Вовец насторожился. Если женщину интересует личная жизнь мужчины, значит, она к нему неравнодушна. Впрочем, это, возможно, всего лишь заурядное бабье любопытство, а он воображает себе невесть что.
– Не знаю, – ответил он, – мы, наверное, полсуток всего вместе были, а потом, как выбрались оттуда, больше не встречались. По телевизору потом видел ее пару раз на каких-то презентациях…
Он вздохнул. Следом вздохнула Валентина. Причину ее вздоха Вовец не понял.
– Получается, что ты ее спас, а она о тебе сразу забыла? Вот свинья!
– Не знаю, что тебя так возмущает? – удивился Вовец. – Она молодая, красивая, богатая, вращается в самых верхах, а я простой работяга, в летах, прямо скажем, да и внешность тоже – не Ален Делон. Чего ради ей обо мне помнить? Чтобы открытку на День Советской Армии прислать? Больно надо! Это в сказках принцы спасают красавиц, а в жизни это обычно небритый мужик с красными глазами. И никакой самый страстный поцелуй не превратит это чучело в красавца с мешком денег.

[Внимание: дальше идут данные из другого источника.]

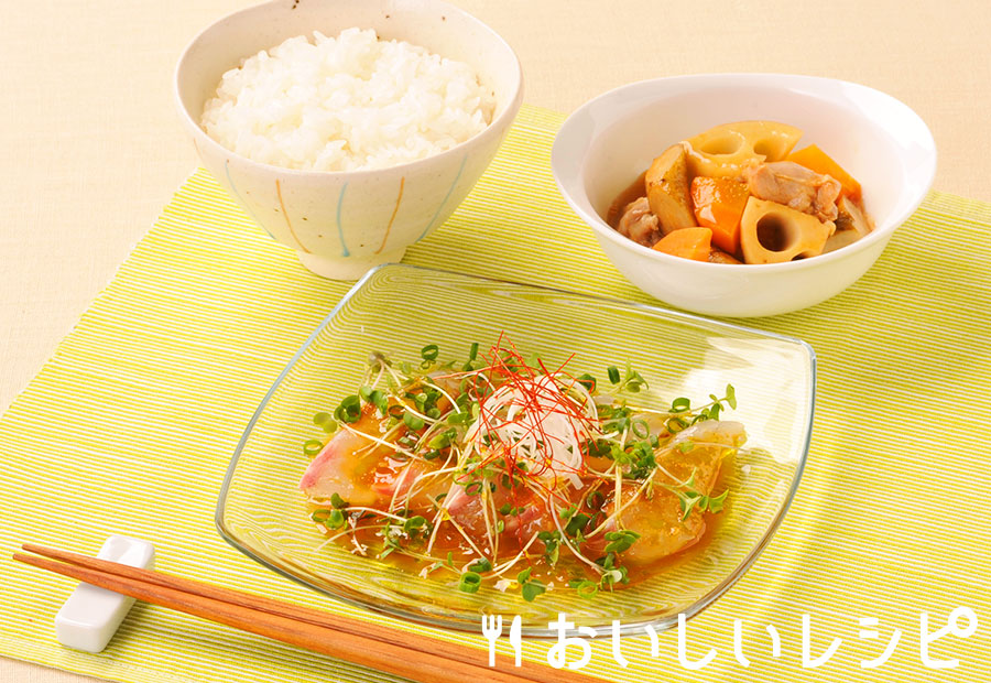 - 鯛の黄金カルパッチョ病院の管理栄養士の先生が考案した、「黄金の味」を使った簡単・おいしい低塩メニュー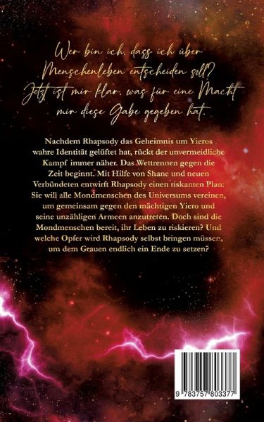 »Wer bin ich, dass ich über Menschenleben entscheiden soll? Jetzt ist mir klar, was für eine Macht mir diese Gabe gegeben hat.«Nachdem Rhapsody das Geheimnis um Yieros wahre Identität gelüftet hat, rückt der unvermeidliche Kampf immer näher. Das Wettrennen gegen die Zeit beginnt. Mit Hilfe von Shane und neuen Verbündeten entwirft Rhapsody einen riskanten Plan: Sie will alle Mondmenschen des Universums vereinen, um gemeinsam gegen den mächtigen Yiero und seine unzähligen Armeen anzutreten. Doch sind die Mondmenschen bereit, ihr Leben zu riskieren? Und welche Opfer wird Rhapsody selbst bringen…mehr

– Деньги тут вообще не при чем, – обиженно возразила Валентина, словно это лично ее упрекнули в корысти.
– Еще как при чем! Главное достоинство мужчины – что? – задал Вовец вопрос и сам тут же ответил: – Деньги! У настоящего мужчины – настоящие деньги!
– Ничего подобного, – Валентина с жаром бросилась опровергать, – главное достоинство мужчины – надежность!
– Значит, я ненадежный, – подвел итог Вовец, – и закончим на этом. Замнём для ясности, как говорил наш парторг. Скоро уже двенадцать, спать пора.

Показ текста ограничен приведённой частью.